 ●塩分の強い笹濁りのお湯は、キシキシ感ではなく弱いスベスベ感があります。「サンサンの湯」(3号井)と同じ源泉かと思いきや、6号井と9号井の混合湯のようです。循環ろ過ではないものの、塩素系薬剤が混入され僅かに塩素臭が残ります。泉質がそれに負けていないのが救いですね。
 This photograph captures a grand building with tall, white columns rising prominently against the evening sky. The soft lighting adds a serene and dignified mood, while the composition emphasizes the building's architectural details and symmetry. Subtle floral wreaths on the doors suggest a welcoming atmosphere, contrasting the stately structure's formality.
^^^^^^^^^^^^^^^^
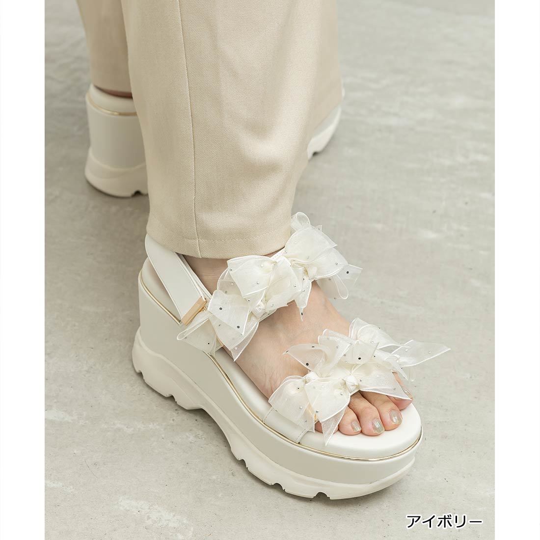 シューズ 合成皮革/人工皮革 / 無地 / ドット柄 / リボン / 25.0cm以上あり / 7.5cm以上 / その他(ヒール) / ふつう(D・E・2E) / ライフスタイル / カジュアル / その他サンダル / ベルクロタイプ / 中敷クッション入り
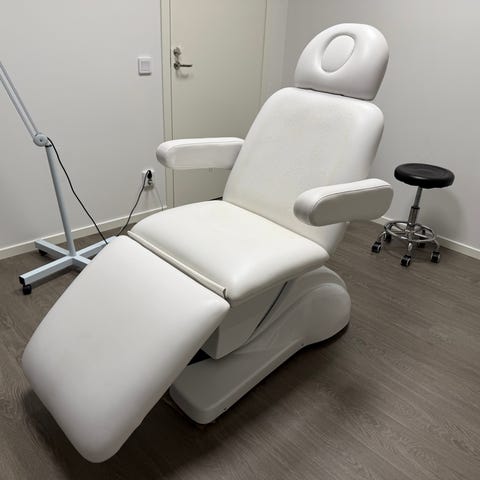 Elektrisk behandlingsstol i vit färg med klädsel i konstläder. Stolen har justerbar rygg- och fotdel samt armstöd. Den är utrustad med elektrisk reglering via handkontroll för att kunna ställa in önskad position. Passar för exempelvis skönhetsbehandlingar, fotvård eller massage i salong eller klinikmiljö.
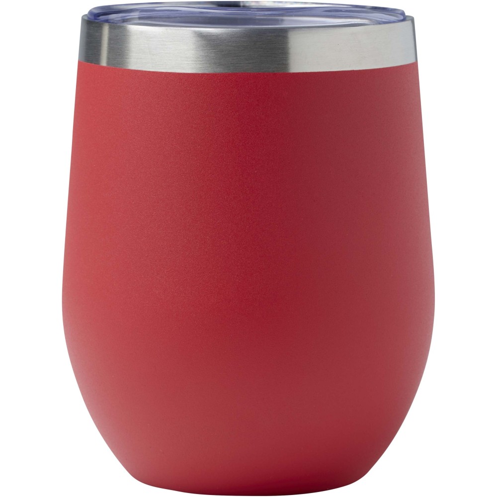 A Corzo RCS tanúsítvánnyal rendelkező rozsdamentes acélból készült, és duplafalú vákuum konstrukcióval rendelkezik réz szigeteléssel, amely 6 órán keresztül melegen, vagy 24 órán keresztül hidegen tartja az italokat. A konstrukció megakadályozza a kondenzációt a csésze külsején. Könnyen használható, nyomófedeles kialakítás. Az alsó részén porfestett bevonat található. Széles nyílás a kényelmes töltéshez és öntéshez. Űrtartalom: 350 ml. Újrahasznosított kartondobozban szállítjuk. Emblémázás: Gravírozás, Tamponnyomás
^^^^^^^^^^^^^^^^
• **THE PROBLEM**
Starting at the line with "シューズ 合成皮革/人工皮革 /" and finishing at the line with "Elektrisk behandlingsstol i", copy the material above exactly, both lines included. Nothing else goes in, and no pictures.

• **ANSWER TO THIS EXERCISE**
 シューズ 合成皮革/人工皮革 / 無地 / ドット柄 / リボン / 25.0cm以上あり / 7.5cm以上 / その他(ヒール) / ふつう(D・E・2E) / ライフスタイル / カジュアル / その他サンダル / ベルクロタイプ / 中敷クッション入り
 Elektrisk behandlingsstol i vit färg med klädsel i konstläder. Stolen har justerbar rygg- och fotdel samt armstöd. Den är utrustad med elektrisk reglering via handkontroll för att kunna ställa in önskad position. Passar för exempelvis skönhetsbehandlingar, fotvård eller massage i salong eller klinikmiljö.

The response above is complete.